The Bush administration has rebuffed some bailout requests but in one case rushed to aid key businesses. Immediately after the Sept. 11 attacks, Lindsey received a call from the chief executive of a major airline that was in danger of losing its line of credit, according to administration officials. Lindsey called a major bank and suggested it not take any drastic steps, noting that Congress would likely come to the aid of the airline industry. The officials would not name the airline.

But the administration has treated Enron -- which, along with its executives, contributed more than $220,000 to Bush's campaign -- as radioactive since the firm disclosed in October that it had overstated profits by $586 million over the past four years because of what it called accounting errors. Lay was one of the Bush "pioneers" who raised at least $100,000 for the presidential campaign, but the president and his aides have played down any close friendship.

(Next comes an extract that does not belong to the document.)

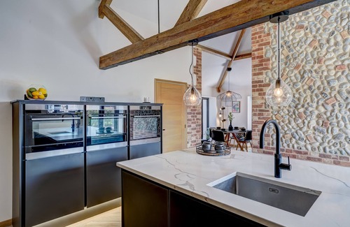 Hall Farm Barn is a brand new contemporary barn conversion in a stunning rural location. Everything is all on one level including an open plan living/dining area with a smart TV and a well equipped kitchen. For keen cooks there are two electric ovens, a large hob, microwave, plate warming drawer, integrated fridge and freezer. The kitchen island is a great focal point, and there's even a wine fridge too.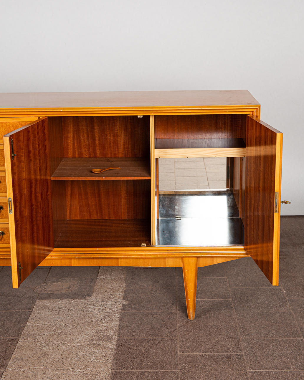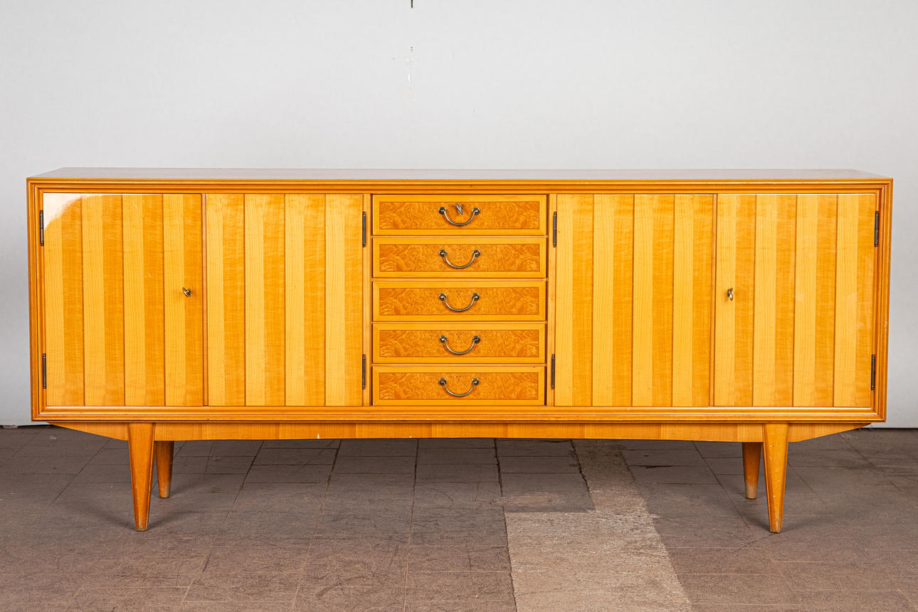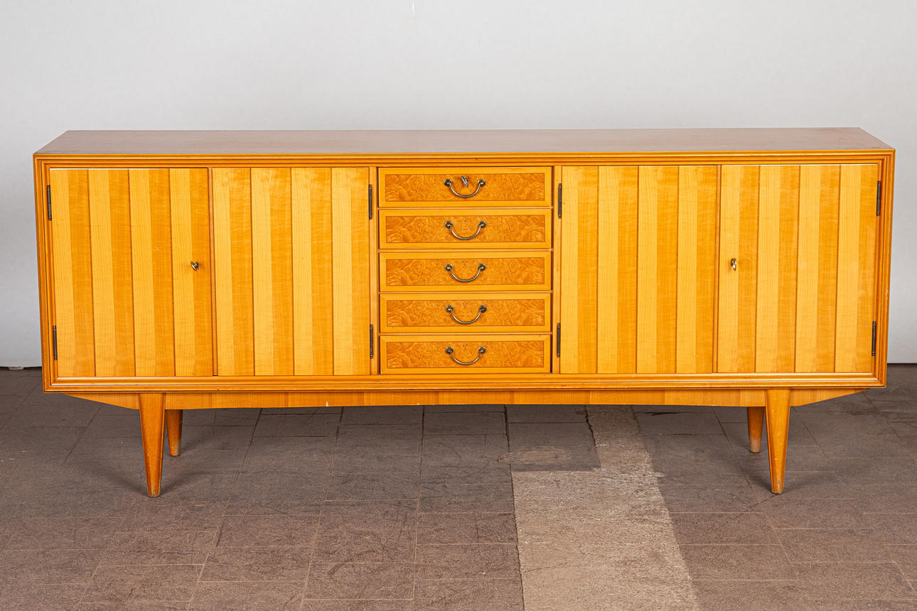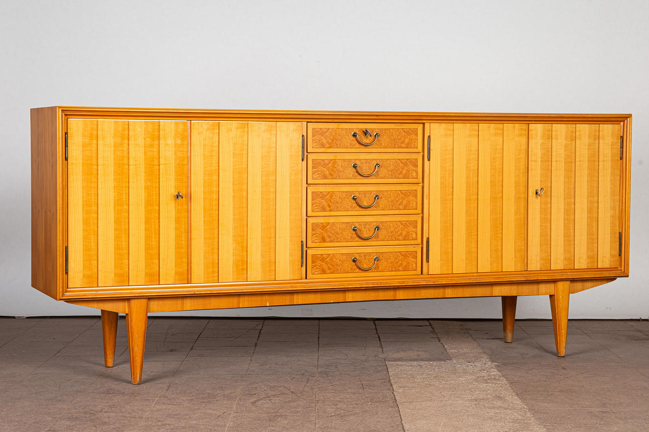 Sideboard, Kirschbaum, Messing, 1950er Jahre. Sideboard mit einem kastenförmigen Korpus aus Kirschbaumholz mit Holzintarsien, rechts und links jeweils mit einer verschließbaren Doppeltür versehen, sowie mittig mit fünf Schüben mit Messinggriffen, oberster Schub verschließbar, zwei Schübe mit grünen Besteckeinlagen versehen, innen mit Einlegeböden ausgestattet, Schlüssel vorhanden, H.93cm, L.220cm, B.48cm.

From 1999 to 2001, Enron made $1.9 million in unregulated "soft money" contributions to Democrats and Republicans, but nearly three-quarters of its political giving went to GOP candidates, according to the Center for Public Integrity, a watchdog group.

Enron's bankruptcy filing not only led to layoffs but also eviscerated the retirement nest eggs of thousands of employees and cost shareholders millions of dollars in stock losses. Plaintiffs in civil suits contend that senior Enron executives and directors took advantage of the company's high stock price a year ago to sell hundreds of millions of dollars in stock before share prices began to slide.

Administration officials and Enron executives have been increasingly at odds over the substance of their conversations in October and November. According to the administration, Lay told O'Neill on Oct. 28 that Enron's problems were similar to the near-collapse in 1998 of the Long-Term Capital Management hedge fund, which required a private-sector rescue organized by the Federal Reserve Bank of New York.

In the conversation with Evans, the administration says, Lay asked Evans if he could do anything to influence a decision by Moody's Investors Service to downgrade Enron's credit rating. Evans, according to the Commerce Department, rejected the idea as "a no-brainer," and then confirmed his decision with the general counsel and deputy commerce secretary before mentioning it to O'Neill at lunch.

White House officials said Bush was in the dark about the conversations for more than two months, until Evans and O'Neill mentioned them about 9:30 a.m. Thursday, toward the end of an Oval Office meeting with his economic team.

Reporters were about to be ushered in for a photo opportunity. Before such sessions, White House press secretary Ari Fleischer tells Bush what he is likely to be asked. "They're going to ask you about meetings you had with Ken Lay," Fleischer said, according to two sources.

Evans and O'Neill then volunteered that they each had received a call from Lay, and said they had not taken any action in response.

"You did the right thing," Bush replied, according to the sources.